Obviously active transportation, which refers to any human-powered transportation such as walking, running, biking, skating and even skateboarding is not a new idea. When I was a kid, even though my parents gave me plenty of rides, just as often I walked or took my bike. Active transportation gave me a sense of freedom. Not long ago, I spoke to a group of seniors from Jericho High School. I asked them how many had a bike, (all) and how many had ridden it in the last week (none). They told me bike riding was too dangerous. I told them I think sitting on the couch is even more dangerous.
Sometimes I joke with my oldest son that I feel I am raising him like a veal.

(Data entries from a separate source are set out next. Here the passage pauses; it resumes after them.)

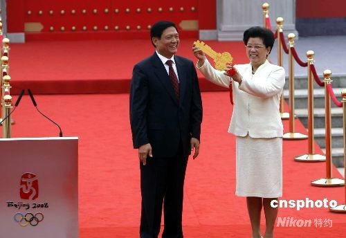 7月27日,北京奧運村開村。北京市委書記、北京奧組委執(zhí)行主席劉淇向奧運村村長、北京奧組委副主席陳至立移交奧運村鑰匙。中新社發(fā) 杜洋 攝
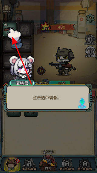 2、點擊選中裝備,裝備選擇是提升戰(zhàn)力的核心步驟,選中合適的裝備可增強角色的攻擊、防御等屬性,助力戰(zhàn)斗。
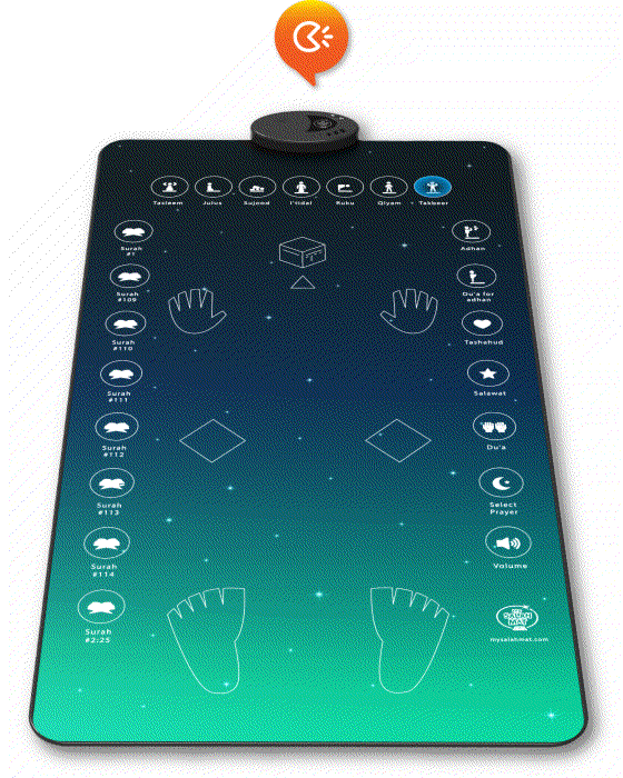 The prayer Mat is fully interactive and touch-sensitive, with pre-recorded prayer times, instructions on how to do wudu, recite surahs, say Duas, and much more.
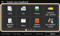Podeu afegir botons de drecera a la pantalla Inici per a les funcions que feu servir amb més freqüència, com ara <Còpia>, <Fax> i <Lectura>. Per exemple, podeu dur a terme tasques d'una manera més ràpida i eficient si assigneu una seqüència d'opcions (com ara, "Llegir les dues cares d'un original, desar-lo com a fitxer PDF molt comprimit i enviar-lo per correu electrònic") a un sol botó.
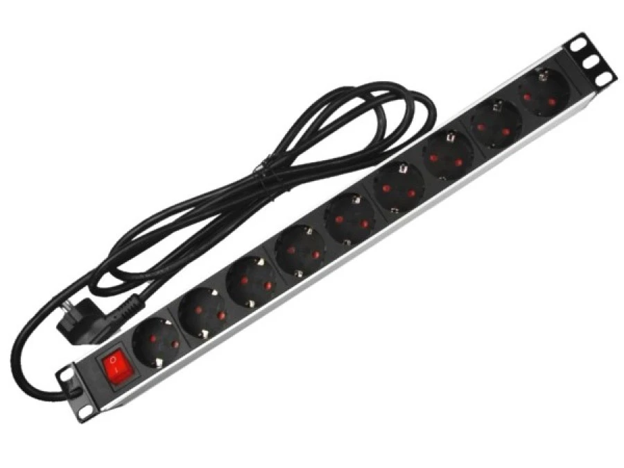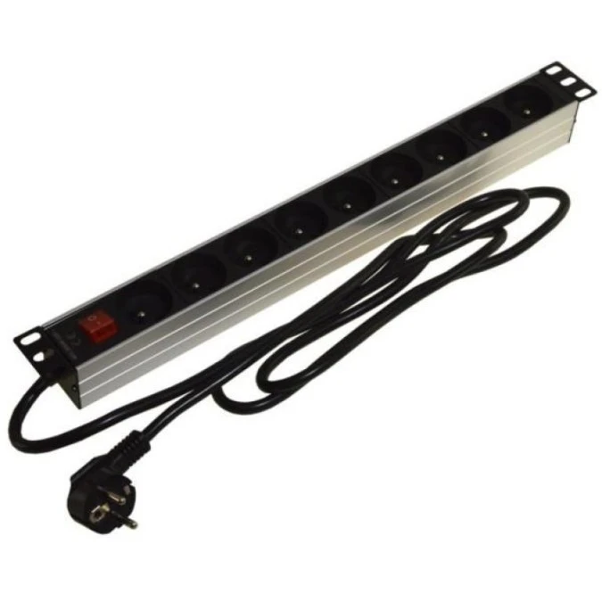 Listwa zasilająca rack 19", 9 gniazd, z wyłącznikiem
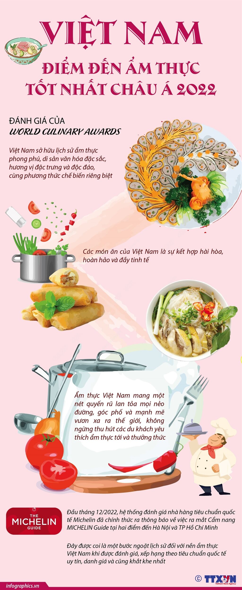 Theo Tổng cục Du lịch: Ẩm thực là một nét tinh hoa trong văn hóa truyền thống của người Việt Nam. Ẩm thực Việt phong phú từ nguyên liệu, tinh tế ở khâu chế biến, mỗi một vùng miền lại có thói quen ăn uống khác nhau, tạo nên những hương vị đặc trưng riêng biệt. Nên không ngạc nhiên khi các món ăn Việt lại được các thực khách quốc tế ca ngợi và đánh giá cao.
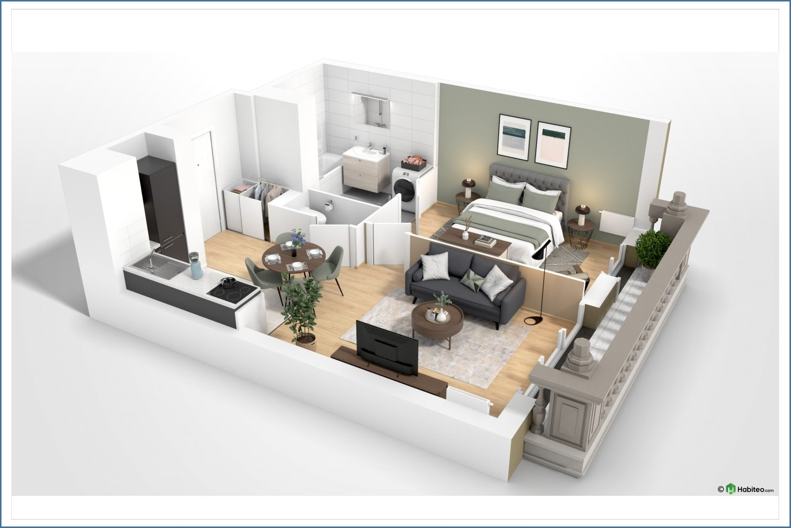 _ Ce bien comprend une grande pièce de vie séjour / cuisine de 24 m² lumineuse avec sa porte fenêtre et ouverte sur le balcon, 1 grande chambre de 12.m², une Salle de Bain avec branchements pour le Lave Linge ainsi qu'un placard et un WC séparé.
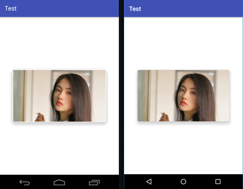下图左侧为Lollipop以下版本,右侧为Lollipop版本,cardUseCompatPadding = false。

I am always giving him permission to walk places even when he would much prefer a ride. When did walking to your friends house, which was pretty standard behavior when I was growing up, become viewed as reckless behavior? Why if I walk to Stop & Shop do you assume my car is in the shop? Why is using active transportation so frowned upon in the suburbs?
Of course I want my kids to be safe. I also want them to be independent, self reliant and physically active. Allowing them to get places on their own steam accomplishes all of these things.